About this exercise — Since the records include pictures, leave those out while you reproduce exactly and only the lines from the one containing "December light, when" through the one containing "- Každý kód", inclusive.

Provided entries —
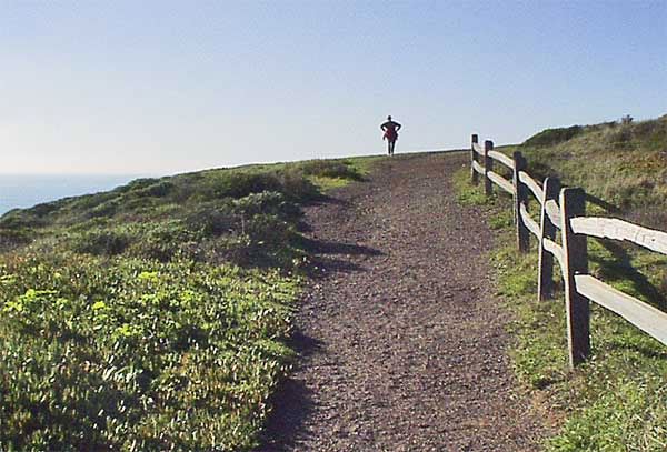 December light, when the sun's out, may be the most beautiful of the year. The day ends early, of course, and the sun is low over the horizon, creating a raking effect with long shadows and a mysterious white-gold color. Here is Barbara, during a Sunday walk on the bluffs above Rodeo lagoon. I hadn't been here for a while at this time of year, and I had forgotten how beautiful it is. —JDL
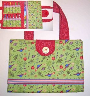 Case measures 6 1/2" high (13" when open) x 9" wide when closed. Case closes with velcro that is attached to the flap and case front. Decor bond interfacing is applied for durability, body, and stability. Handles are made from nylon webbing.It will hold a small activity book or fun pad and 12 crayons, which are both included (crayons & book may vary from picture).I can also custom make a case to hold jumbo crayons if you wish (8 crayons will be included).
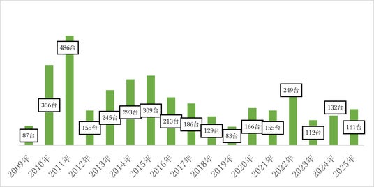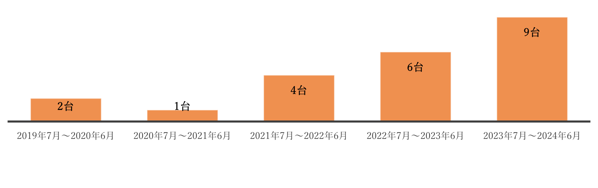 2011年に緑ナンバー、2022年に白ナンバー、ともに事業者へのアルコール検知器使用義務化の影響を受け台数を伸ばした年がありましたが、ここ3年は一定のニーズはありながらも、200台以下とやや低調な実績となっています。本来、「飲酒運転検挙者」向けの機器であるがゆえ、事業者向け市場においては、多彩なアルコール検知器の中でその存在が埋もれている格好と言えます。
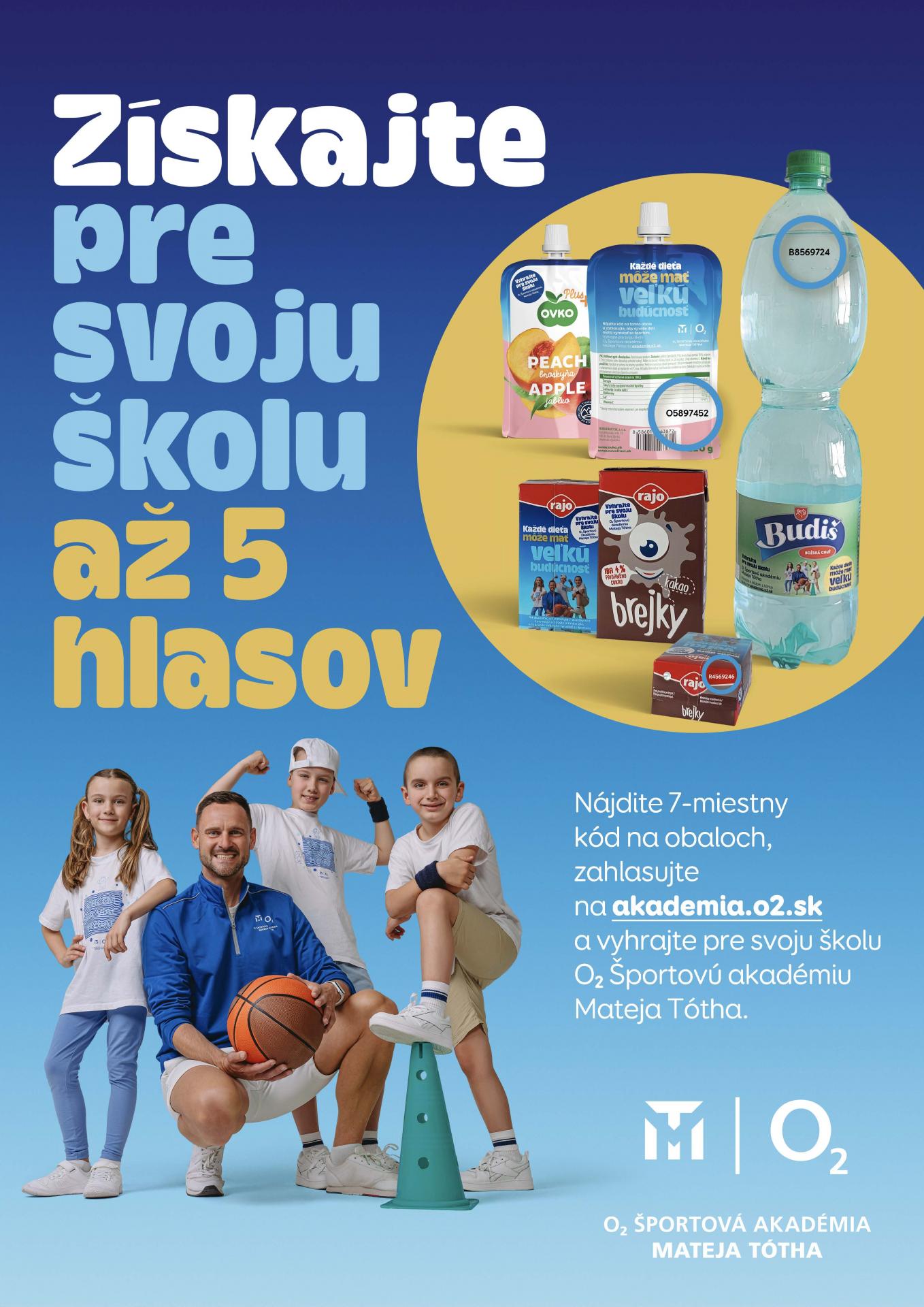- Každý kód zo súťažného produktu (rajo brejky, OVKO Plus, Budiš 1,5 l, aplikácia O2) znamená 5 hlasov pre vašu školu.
--
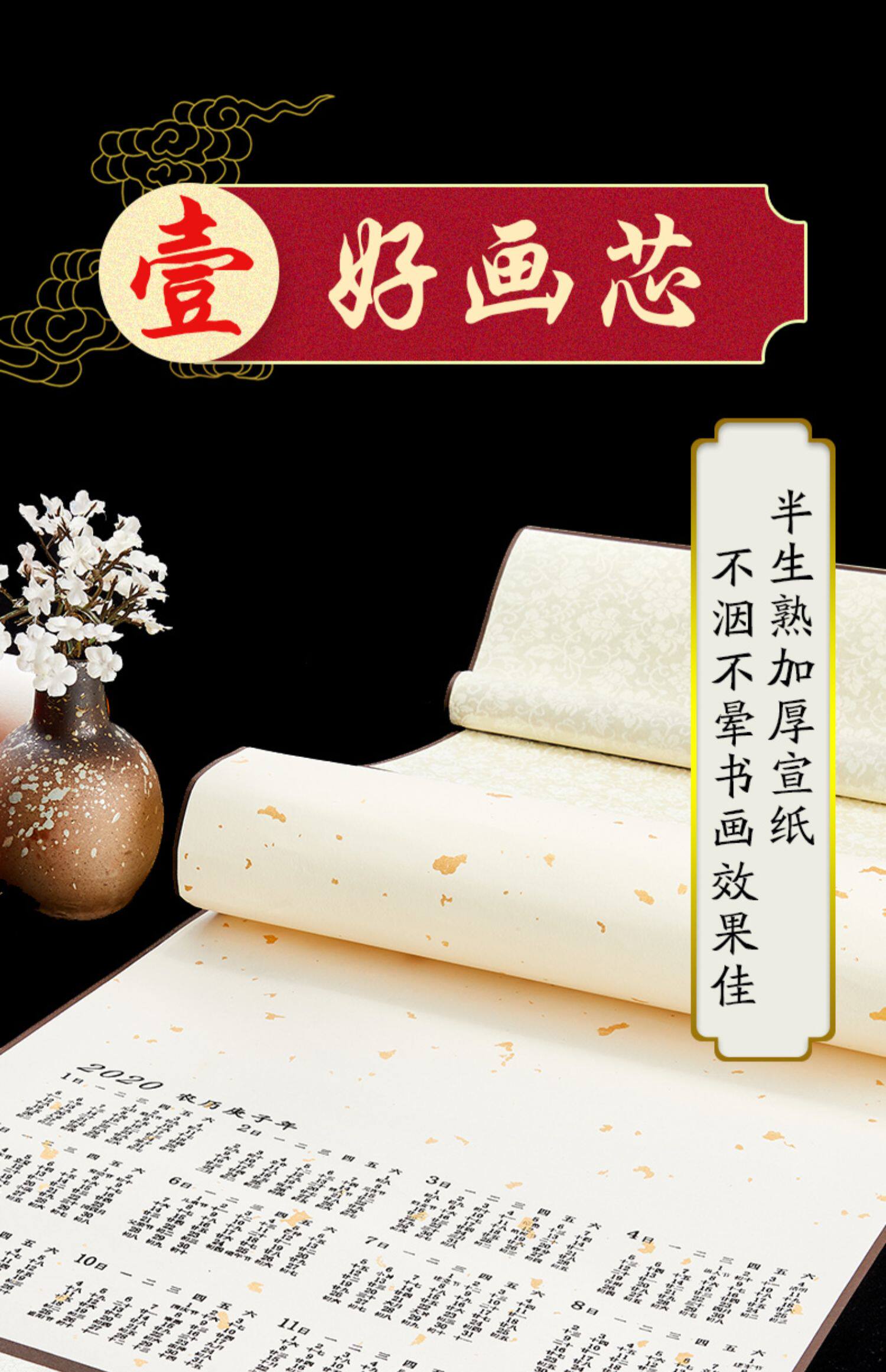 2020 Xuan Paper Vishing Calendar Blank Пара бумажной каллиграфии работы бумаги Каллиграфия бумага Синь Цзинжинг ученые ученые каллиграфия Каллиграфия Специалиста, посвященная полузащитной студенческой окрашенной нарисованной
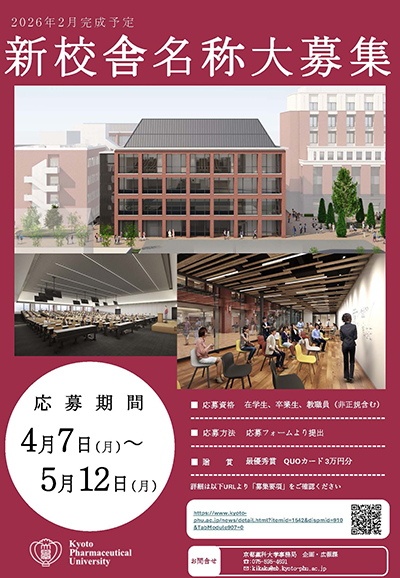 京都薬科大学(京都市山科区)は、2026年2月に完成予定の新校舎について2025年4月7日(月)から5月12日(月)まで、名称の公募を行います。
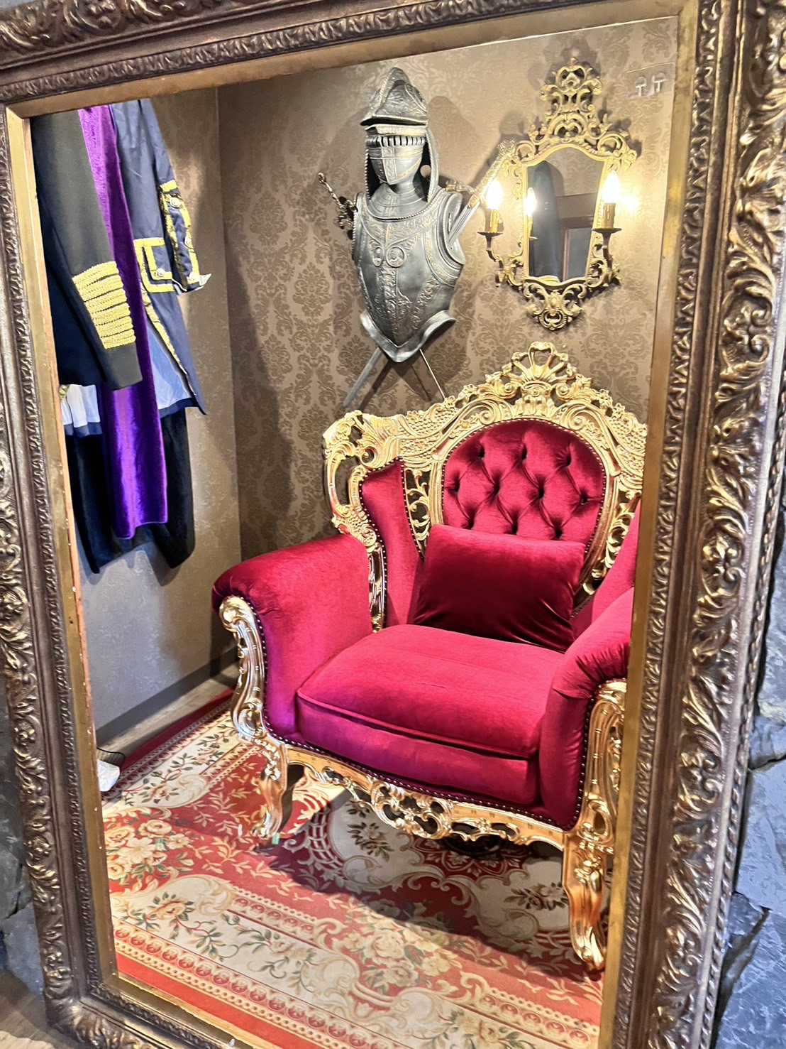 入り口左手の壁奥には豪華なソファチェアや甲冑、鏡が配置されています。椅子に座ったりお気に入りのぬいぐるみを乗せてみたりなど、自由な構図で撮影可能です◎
--
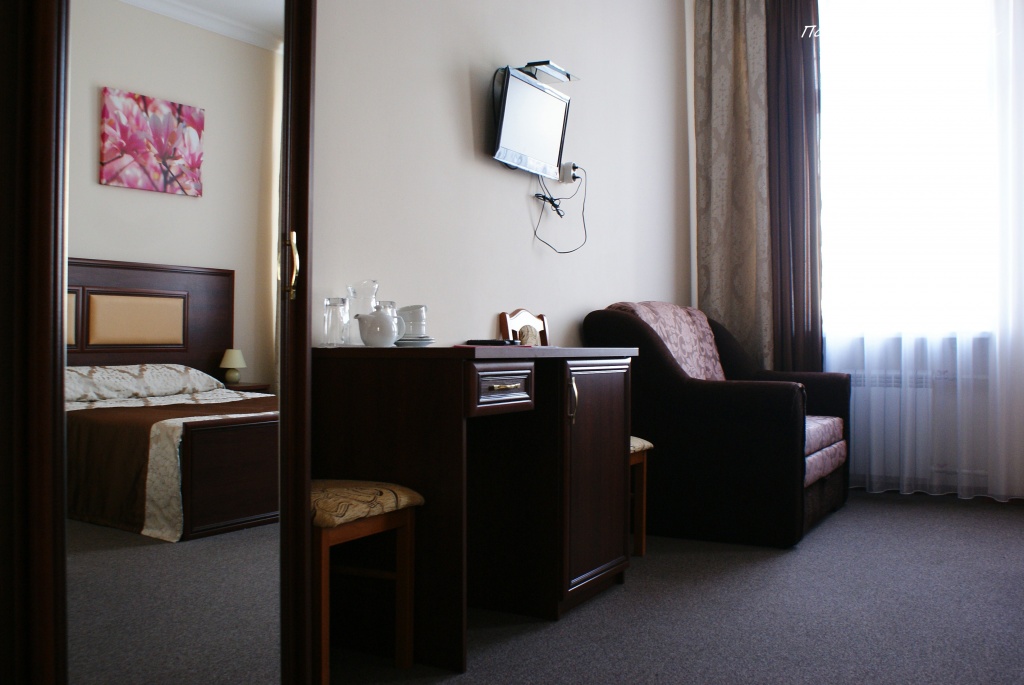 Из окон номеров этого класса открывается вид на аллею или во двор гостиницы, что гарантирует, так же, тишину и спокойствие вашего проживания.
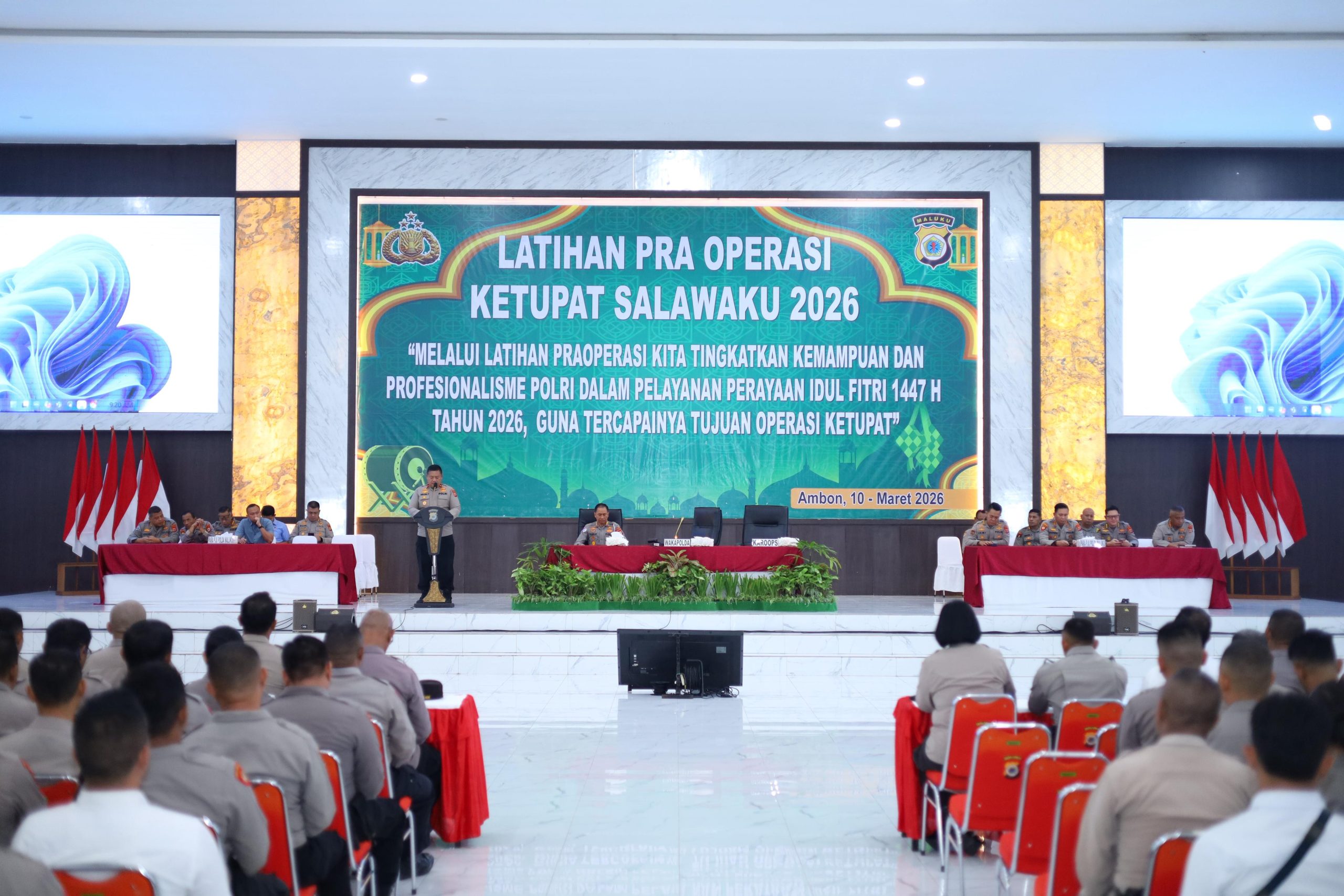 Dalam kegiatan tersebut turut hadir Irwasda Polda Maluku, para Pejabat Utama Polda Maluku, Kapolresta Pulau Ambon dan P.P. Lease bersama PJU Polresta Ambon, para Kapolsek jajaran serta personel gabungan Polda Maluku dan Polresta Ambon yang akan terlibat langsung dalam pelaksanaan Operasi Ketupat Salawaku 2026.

Written solution —
 December light, when the sun's out, may be the most beautiful of the year. The day ends early, of course, and the sun is low over the horizon, creating a raking effect with long shadows and a mysterious white-gold color. Here is Barbara, during a Sunday walk on the bluffs above Rodeo lagoon. I hadn't been here for a while at this time of year, and I had forgotten how beautiful it is. —JDL
 Case measures 6 1/2" high (13" when open) x 9" wide when closed. Case closes with velcro that is attached to the flap and case front. Decor bond interfacing is applied for durability, body, and stability. Handles are made from nylon webbing.It will hold a small activity book or fun pad and 12 crayons, which are both included (crayons & book may vary from picture).I can also custom make a case to hold jumbo crayons if you wish (8 crayons will be included).
 2011年に緑ナンバー、2022年に白ナンバー、ともに事業者へのアルコール検知器使用義務化の影響を受け台数を伸ばした年がありましたが、ここ3年は一定のニーズはありながらも、200台以下とやや低調な実績となっています。本来、「飲酒運転検挙者」向けの機器であるがゆえ、事業者向け市場においては、多彩なアルコール検知器の中でその存在が埋もれている格好と言えます。
- Každý kód zo súťažného produktu (rajo brejky, OVKO Plus, Budiš 1,5 l, aplikácia O2) znamená 5 hlasov pre vašu školu.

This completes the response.